▶ _EXERCISE PROMPT_
In the entries below, find the line with "The Early Years" and print exactly every line from there up to and including the line with "Spicer just read", with no other lines.

▶ _RECORDED DATA_
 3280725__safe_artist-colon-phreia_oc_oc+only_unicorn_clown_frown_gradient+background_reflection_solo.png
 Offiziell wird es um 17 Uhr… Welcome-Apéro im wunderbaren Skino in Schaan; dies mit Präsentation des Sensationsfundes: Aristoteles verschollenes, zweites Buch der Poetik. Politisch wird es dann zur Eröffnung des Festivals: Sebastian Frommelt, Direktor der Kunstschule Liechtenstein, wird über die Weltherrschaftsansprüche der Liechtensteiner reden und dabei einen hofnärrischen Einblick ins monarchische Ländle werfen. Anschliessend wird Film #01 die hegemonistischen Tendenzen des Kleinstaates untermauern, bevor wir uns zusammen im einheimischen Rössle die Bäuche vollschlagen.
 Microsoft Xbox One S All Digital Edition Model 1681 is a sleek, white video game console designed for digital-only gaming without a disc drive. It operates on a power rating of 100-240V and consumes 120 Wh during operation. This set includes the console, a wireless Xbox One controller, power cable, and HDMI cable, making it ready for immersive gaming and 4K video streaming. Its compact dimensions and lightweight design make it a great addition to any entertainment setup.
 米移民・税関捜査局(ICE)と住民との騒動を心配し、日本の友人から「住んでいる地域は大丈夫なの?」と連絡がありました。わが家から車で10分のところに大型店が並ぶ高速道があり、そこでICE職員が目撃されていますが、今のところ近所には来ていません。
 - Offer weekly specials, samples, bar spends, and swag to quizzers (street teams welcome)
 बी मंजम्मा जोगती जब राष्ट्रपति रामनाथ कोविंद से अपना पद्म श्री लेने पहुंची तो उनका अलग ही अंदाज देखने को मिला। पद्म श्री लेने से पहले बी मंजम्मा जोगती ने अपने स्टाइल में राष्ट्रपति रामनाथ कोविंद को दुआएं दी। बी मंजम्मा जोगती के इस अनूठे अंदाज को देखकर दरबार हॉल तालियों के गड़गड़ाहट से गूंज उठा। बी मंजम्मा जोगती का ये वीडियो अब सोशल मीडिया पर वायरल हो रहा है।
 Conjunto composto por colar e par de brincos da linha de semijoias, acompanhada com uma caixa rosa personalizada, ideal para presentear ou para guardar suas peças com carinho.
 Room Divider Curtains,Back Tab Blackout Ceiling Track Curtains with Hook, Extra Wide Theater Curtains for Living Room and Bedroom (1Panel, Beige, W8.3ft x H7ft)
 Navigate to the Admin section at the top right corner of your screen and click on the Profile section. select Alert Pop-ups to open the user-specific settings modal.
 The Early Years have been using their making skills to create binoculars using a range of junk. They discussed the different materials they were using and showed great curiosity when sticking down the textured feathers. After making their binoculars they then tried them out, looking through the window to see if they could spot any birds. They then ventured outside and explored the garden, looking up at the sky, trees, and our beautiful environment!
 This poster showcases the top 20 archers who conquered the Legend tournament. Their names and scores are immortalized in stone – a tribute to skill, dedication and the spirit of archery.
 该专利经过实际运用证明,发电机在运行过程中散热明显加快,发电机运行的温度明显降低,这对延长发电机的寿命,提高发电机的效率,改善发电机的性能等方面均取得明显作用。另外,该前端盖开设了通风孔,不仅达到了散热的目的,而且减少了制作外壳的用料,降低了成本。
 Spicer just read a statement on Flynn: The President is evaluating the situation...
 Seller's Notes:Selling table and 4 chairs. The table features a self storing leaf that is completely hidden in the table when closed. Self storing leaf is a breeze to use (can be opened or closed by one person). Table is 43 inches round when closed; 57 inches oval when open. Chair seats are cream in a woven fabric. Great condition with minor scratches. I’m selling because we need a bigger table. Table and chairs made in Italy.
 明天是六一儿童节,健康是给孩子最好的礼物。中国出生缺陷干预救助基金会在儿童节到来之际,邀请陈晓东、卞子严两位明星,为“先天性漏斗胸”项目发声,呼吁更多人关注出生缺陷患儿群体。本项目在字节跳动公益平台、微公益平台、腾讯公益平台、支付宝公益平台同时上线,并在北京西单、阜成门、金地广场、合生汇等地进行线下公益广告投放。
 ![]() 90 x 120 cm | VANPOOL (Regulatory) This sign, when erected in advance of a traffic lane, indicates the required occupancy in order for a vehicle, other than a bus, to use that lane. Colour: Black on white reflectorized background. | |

▶ _SOLVED EXERCISE_
 The Early Years have been using their making skills to create binoculars using a range of junk. They discussed the different materials they were using and showed great curiosity when sticking down the textured feathers. After making their binoculars they then tried them out, looking through the window to see if they could spot any birds. They then ventured outside and explored the garden, looking up at the sky, trees, and our beautiful environment!
 This poster showcases the top 20 archers who conquered the Legend tournament. Their names and scores are immortalized in stone – a tribute to skill, dedication and the spirit of archery.
 该专利经过实际运用证明,发电机在运行过程中散热明显加快,发电机运行的温度明显降低,这对延长发电机的寿命,提高发电机的效率,改善发电机的性能等方面均取得明显作用。另外,该前端盖开设了通风孔,不仅达到了散热的目的,而且减少了制作外壳的用料,降低了成本。
 Spicer just read a statement on Flynn: The President is evaluating the situation...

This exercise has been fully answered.